Open rasmk opened 8 years ago

rasmk commented 8 years ago

UI5 uses synchronous AJAX to load modules.

This effects in a warning in Chrome console:

Synchronous XMLHttpRequest on the main thread is deprecated because of its detrimental effects to the end user's experience. For more help, check https://xhr.spec.whatwg.org/.

The things have got much worse in the most recent release of Chrome, which has a bug in caching synchronous AJAX responses (https://code.google.com/p/chromium/issues/detail?id=583214). This caused my UI5 app not to bootstrap anymore.

Tried data-sap-ui-preload="async", but this did not solve the issue. Still the same warning, still the same caching issue. It seems, currently the only solution is to disable caching, but then the app will have to download several MB of libs at every startup.

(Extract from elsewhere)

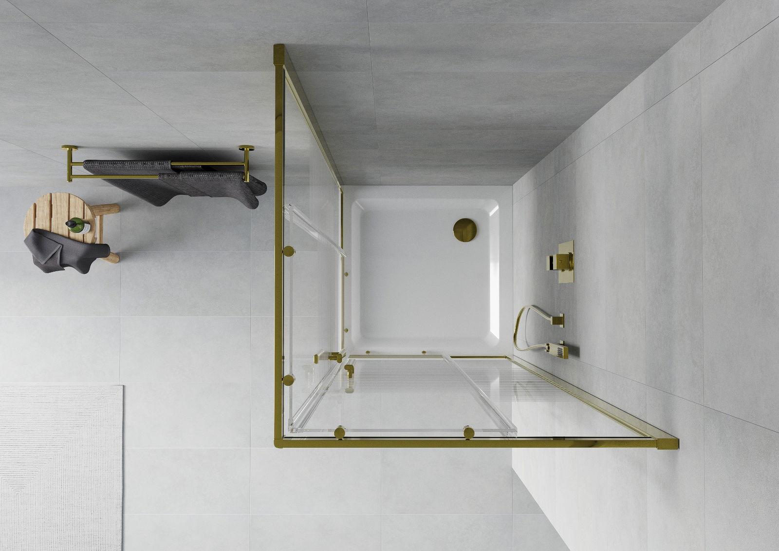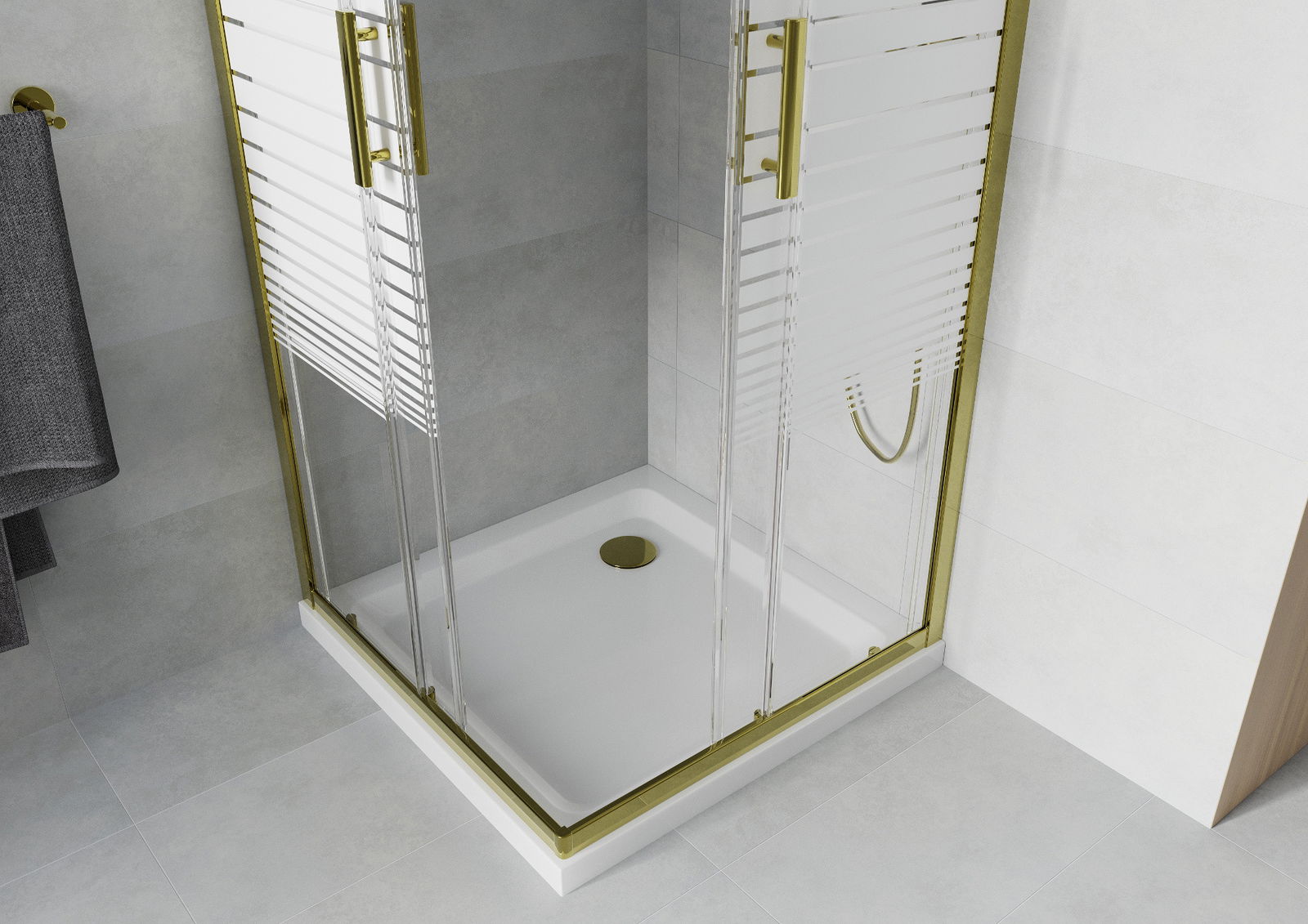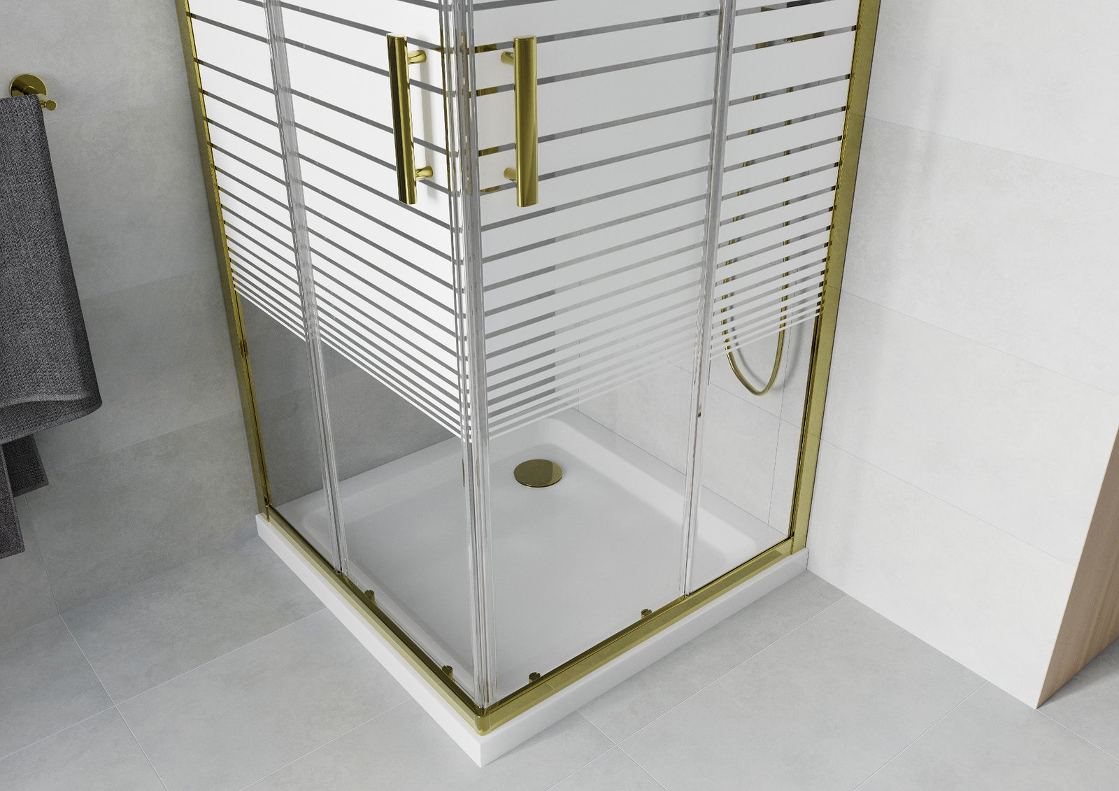 Mexen Rio kvadratinė dušo kabina 70 x 70 cm, baltos juostos, auksinė + plokščias padėklas, baltas - 860-070-070-50-20-4010G

Although it's a bug in Chrome, they (Chrome devs) could legally drop support for synchronous AJAX at any time. According to the AJAX spec, section 4.5.1:

Synchronous XMLHttpRequest outside of workers is in the process of being removed from the web platform as it has detrimental effects to the end user's experience. (This is a long process that takes many years.) Developers must not pass false for the async argument when entry settings object's global object is a Window object. User agents are strongly encouraged to warn about such usage in developer tools and may experiment with throwing an InvalidAccessError exception when it occurs.

As such, using synchronous AJAX seems to be a bug in the library implementation. Please switch to async.

emoticrab commented 8 years ago

Interestingly this is also what stops you being able to build FirefoxOS and Chrome Apps using UI5. Also why you have to comment those calls out to get it working in Atom.

codeworrior commented 8 years ago

No, it's not a bug, it's heritage.

When spec owners decide to change the spec in an incompatible way, you can't blame projects that have built something against the old spec.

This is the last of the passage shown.